GPU for physics simulations

Our research group is shifting to using GPUs for various physics simulations mostly written in C++. Most of our code utilises 64 bit floating point. We parallelise our code using OpenACC. So, during initial testing, we found that our codes run faster on A100 which has 6912 CUDA cores compared to an RTX3090 which has 10492 CUDA cores. After some digging, it seems like the “speed” of execution for such stuff depends on FP64 FLOPS which is much much higher for A100 GPU even though it has lesser number of CUDA cores. Is this all there is to it? As in, while buying further GPUs for this specific purpose of physics simulations, should we keep an eye out only for the FP64 FLOPS value…or should something else be considered? For example, memory type HBM2 vs GDDR6 or number of CUDA cores and so on?

A100 FP64: 9.75 TFLOPS
RTX 3090 FP64: 0.56 TFLOPS

All consumer cards are purposefully limited in their FP64 throughput, but may have other features not present in the professional HPC line, such as ray-tracing units.

For HPC computations it is frequently the case that memory bandwidth is a more significant limiter than FP64 throughput. You would have to do roofline analysis of your codes to see which factor limits performance first. Examples: FFTs are typically limited by memory throughput, dense matrix-matrix multiplies are typically limited by compute unit throughput.

Some important real-life applications require significant amounts of data to be resident in GPU memory to run fast, so GPU memory capacity may be something to consider. Compared to the system memory bandwidth of an HPC system (200 GB/sec) and the memory bandwidth of an HPC GPU (1-2TB/sec), the PCIe interconnect between them has significantly lower throughput (e.g. PCIe4 x16 about 25 GB/sec per direction; it’s full duplex).

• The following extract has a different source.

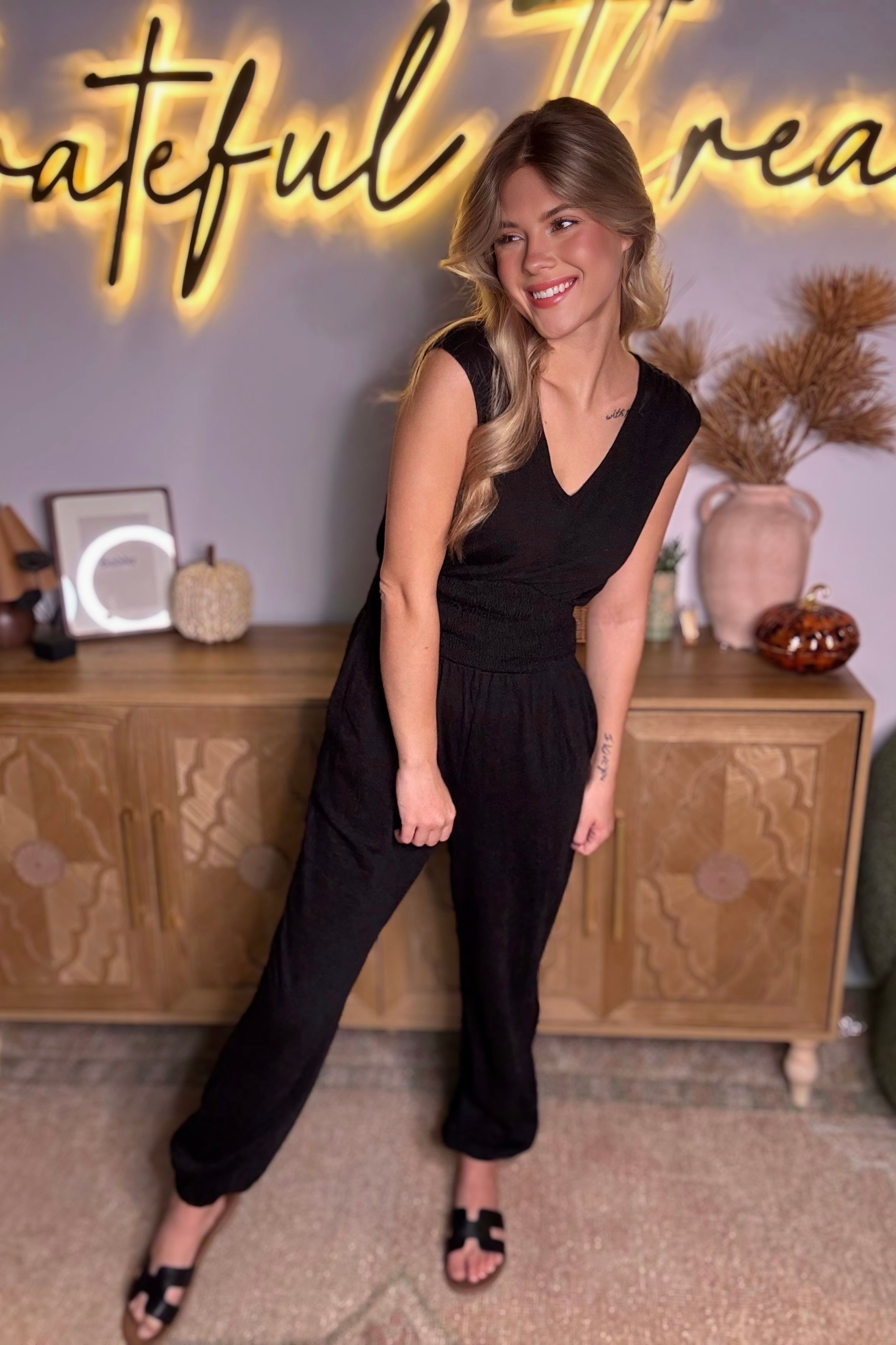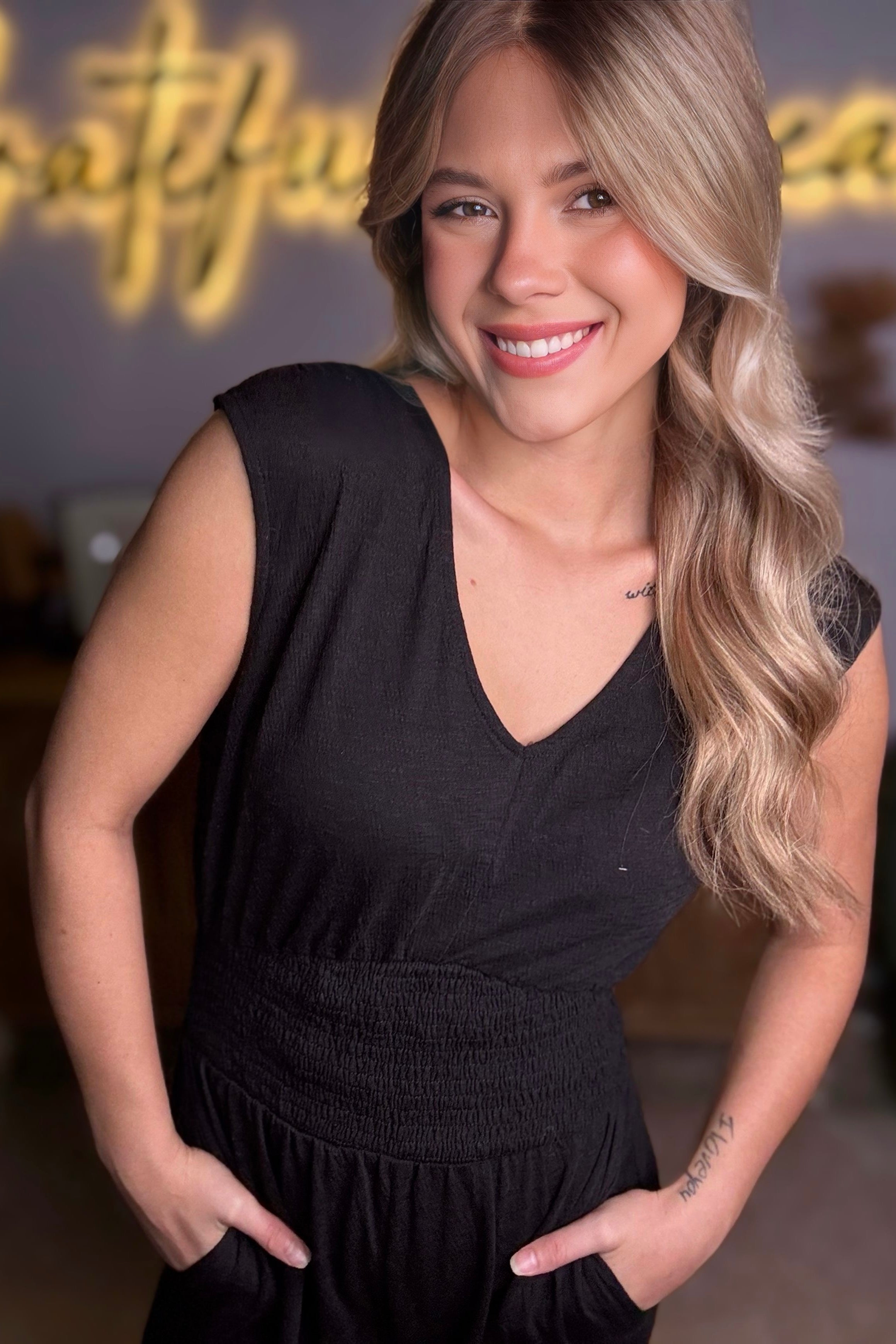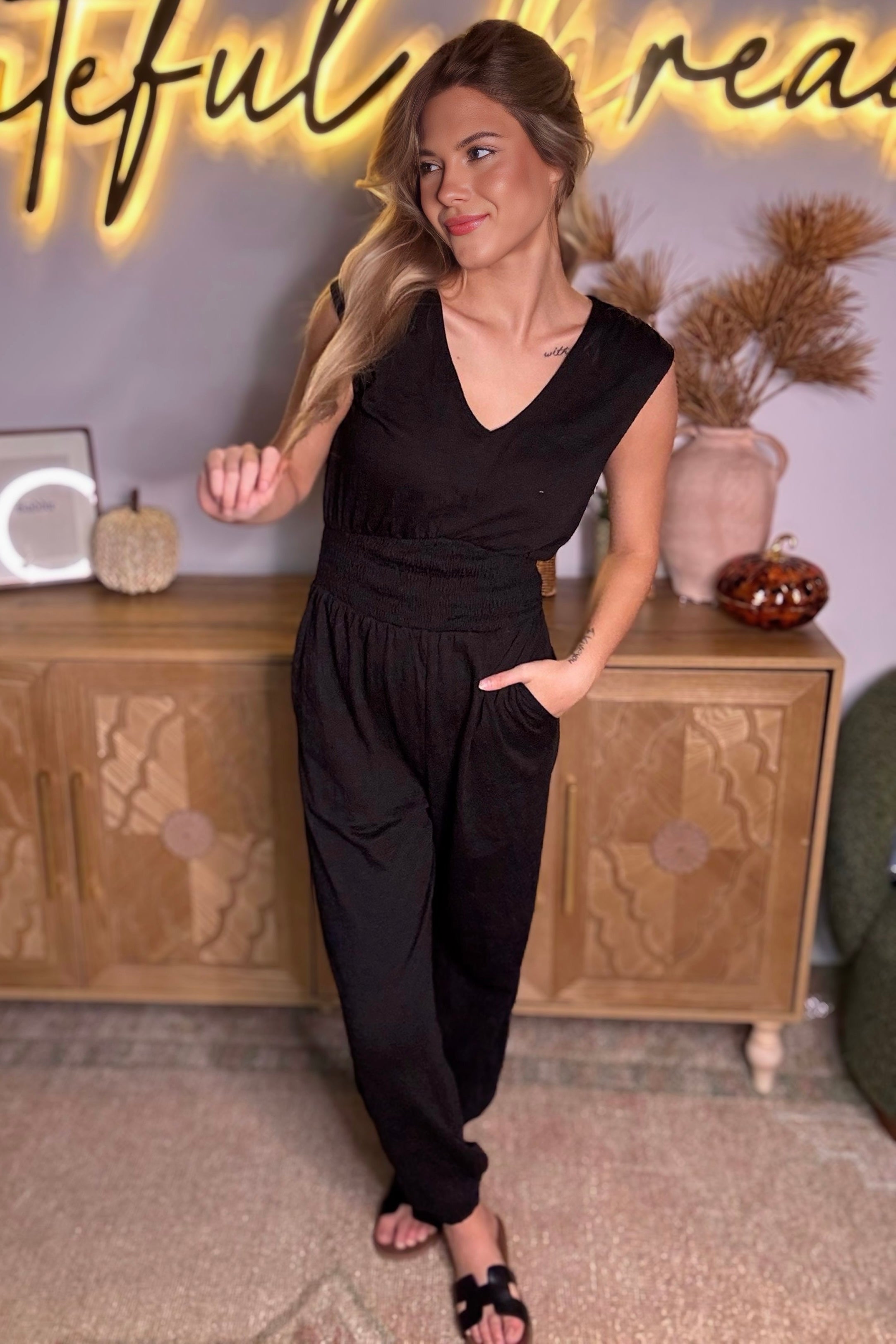 Black Shirred High Waist Sleeveless V-Neck Jumpsuit

CUDA cores are a marketing term. Basically what is being counted there is how many FP32 FMA units are on the chip; just look at FP32 throughput instead.

To first (and possibly even second) order, HBM2 vs GDDR6 should be transparent to CUDA apps in term of performance. Just look at memory throughput (note that any theoretical memory bandwidth numbers written up in specs need to be de-rated by a factor of 0.85 to get a good idea of practically achievable bandwidth; that is also true for the host system’s system memory).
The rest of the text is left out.